Na pediculose do corpo, a
inutilização das roupas infestadas e a boa higiene são suficientes para a cura do
processo.
TUNGÍASE
Conhecida como bicho-de-pé, é causada pela penetração, na pele, de uma pulga, a Tunga penetrans, que habita locais arenosos, como praias, chiqueiros e estábulos. Produz pápulas amareladas, com ponto preto central correspondendo à porção posterior do parasita que está encravado na camada córnea.
Diagnóstico
O diagnóstico baseia-se em:
afecção pruriginosa com pápulas amareladas e ponto preto central, acometimento
preferencial dos pés, história de contato com praias, chiqueiros e estábulos.
Terapêutica
É necessário extrair a pulga com
agulha esterilizada ou puncionar a porção amarelada e espremer o conteúdo, geralmente
minúsculos ovos e um enovelado esbranquiçado; aplicar pomada de antibiótico (por
exemplo, creme com gentamicina ou pomada de ácido fusídico); nas linfangites e
celulites, assim como nas complicações comuns, é necessário prescrever antibióticos
sistêmicos. O terreno ou local infestado deve ser desinfetado com inseticidas.
MIIASES
Há basicamente dois tipos a serem considerados: a miiase furuncolóide e as miiases secundárias.
Diagnóstico
A miiase furunculóide é um
processo causado por larvas de uma mosca, a Dermatobia hominis, que deposita seus ovos
sobre mosquitos e moscas que, por sua vez, os carregam até o hospedeiro. As larvas
penetram o tegumento e produzem nódulos inflamatórios dolorosos, com fistulização.
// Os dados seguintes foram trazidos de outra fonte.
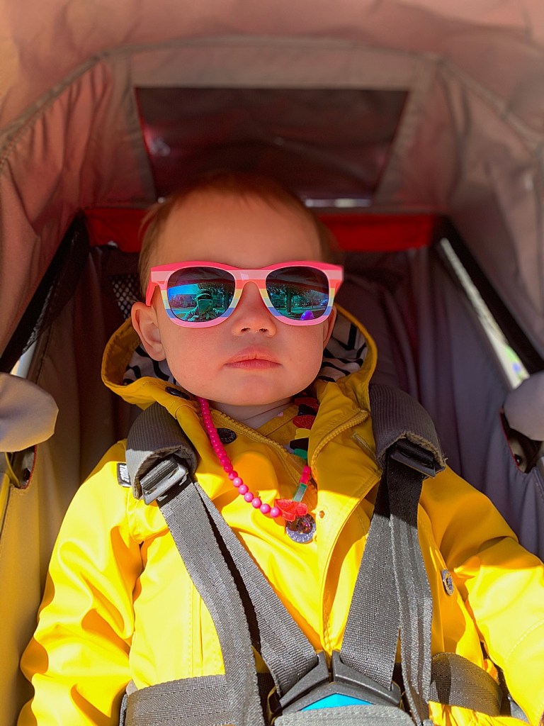 This girl is sporting some new shades and a necklace, spoils from my trip to Carter’s with Abigail. I love shopping for Maelle. Buying clothes for girls is so fun; I wonder if I’d have this much fun if we had a boy? Don’t get me wrong, there are plenty of adorable clothes for boys–I just don’t know if I’d get as much joy out of accessories or ‘dressing him up.’
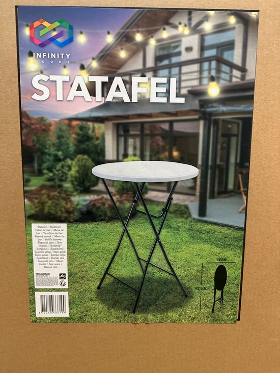 Infinity Goods 2x Stevige Statafel + 2x Zwarte Statafelrok - Partytafel - Robuust en Weersbestendig - Inklapbaar - 80cm x 110cm - Feest - Wit/Zwart

Após completar o seu ciclo de maturação nesta cavidade subcutânea, são eliminadas
espontanemente. O diagnóstico é feito por: nódulos inflamatórios fistulizados
semelhantes a furúnculos, com eliminação de secreção serossanguinolenta; dor em
ferroada episódica e visualização dos movimentos da extremidade da larva
no orifício fistuloso.
As miiases secundárias, também
conhecidas como bicheiras, consistem na proliferação de larvas de moscas em
ulcerações cutâneas. Geralmente são causadas pelos gêneros Callitroga (varejeira),
Lucilia e Musca.
O aspecto clínico é
característico, com as larvas em grande quantidade movimentando-se dentro da ulceração.
Terapêutica
O tratamento da miíase
furunculóide é feito de forma simples: a larva é asfixiada para facilitar a sua
remoção, ocluindo-se totalmente o orifício fistuloso com dupla camada de esparadrapo
largo por 24 horas; após, a larva morta é removida com pinça sem dentes, junto com leve
espremedura do nódulo; é feito um curativo com pomada de antibiótico. Em casos nos
quais é impossível ocluir a lesão, alarga-se o orifício com pequena incisão,
removendo-se a larva com pinças e leve espremedura do nódulo.
O tratamento das miíases
secundárias consite em: matar as larvas com éter e removê-las com pinça, fazer
curativo com pomada fibrinolítica e antibiótica (colagenase mais cloranfenicol; por
exemplo, Fibrase, Iruxol), manter cuidados de higiene e curativos para evitar deposição
de novos ovos.
LARVA MIGRANS
Também conhecida como bicho geográfico, é causada pela penetração, na pele, de larvas do gênero Ancylostoma. O seu caráter migratório origina trajetos lineares serpiginosos, geralmente com uma pápula numa das extremidades, local onde se encontra a larva. Estas lesões freqüentemente infectam ou ulceram.
Diagnóstico
O diagnóstico baseia-se em:
lesões papulosas, pruriginosas, lineares, serpiginosas, migratórias, únicas ou
múltiplas, com localização preferencial em extremidades ou nas nádegas.